如何为数组正确使用 numpy.c_ [英] How to use numpy.c_ properly for arrays

问题描述

我有一个要矢量化的函数.在函数内部，我有以下代码.

I have a function which I am trying to vectorize. Inside the function I have the following code.

A = np.c_[xdata, ydata, np.ones(len(zdata))]

其中 x_data、y_data、z_data 都是 1x5 数组，例如.[1,2,3,4,5].A 的结果输出为

Where x_data, y_data, z_data are all 1x5 array, eg. [1,2,3,4,5]. The resulting output for A would be

array([[1.90155189, 1.64412979, 1.        ],
       [2.44148892, 1.73851717, 1.        ],
       [1.65259189, 2.10693759, 1.        ],
       [2.52045732, 2.30939049, 1.        ],
       [1.53516213, 2.39788003, 1.        ]])
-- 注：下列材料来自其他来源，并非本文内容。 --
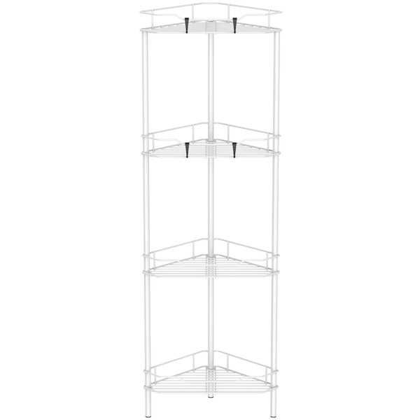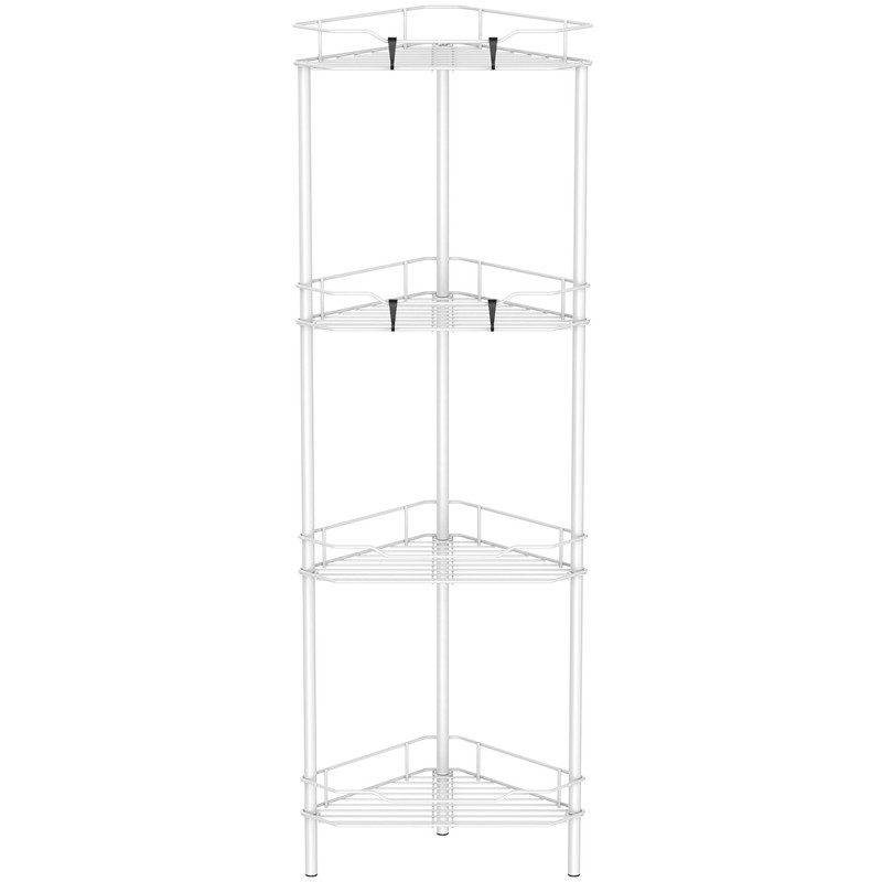 HuggieGems 4 Tier Floor Standing Corner Shower Caddy Organizer Shelf with Hooks, Bathroom Shelves Stand Rack, White

我想将函数的这一部分转换为处理 x、y、z 的输入数组(例如 5 列的 1000 行).我天真地试图将数组输入到这个函数中，第一行的输出如下.

I would like to convert this part of the function to work on an array of inputs (eg. 1000 rows of 5 columns) for x, y, z. I naively tried to just feed the arrays into this function with the following output for the first row.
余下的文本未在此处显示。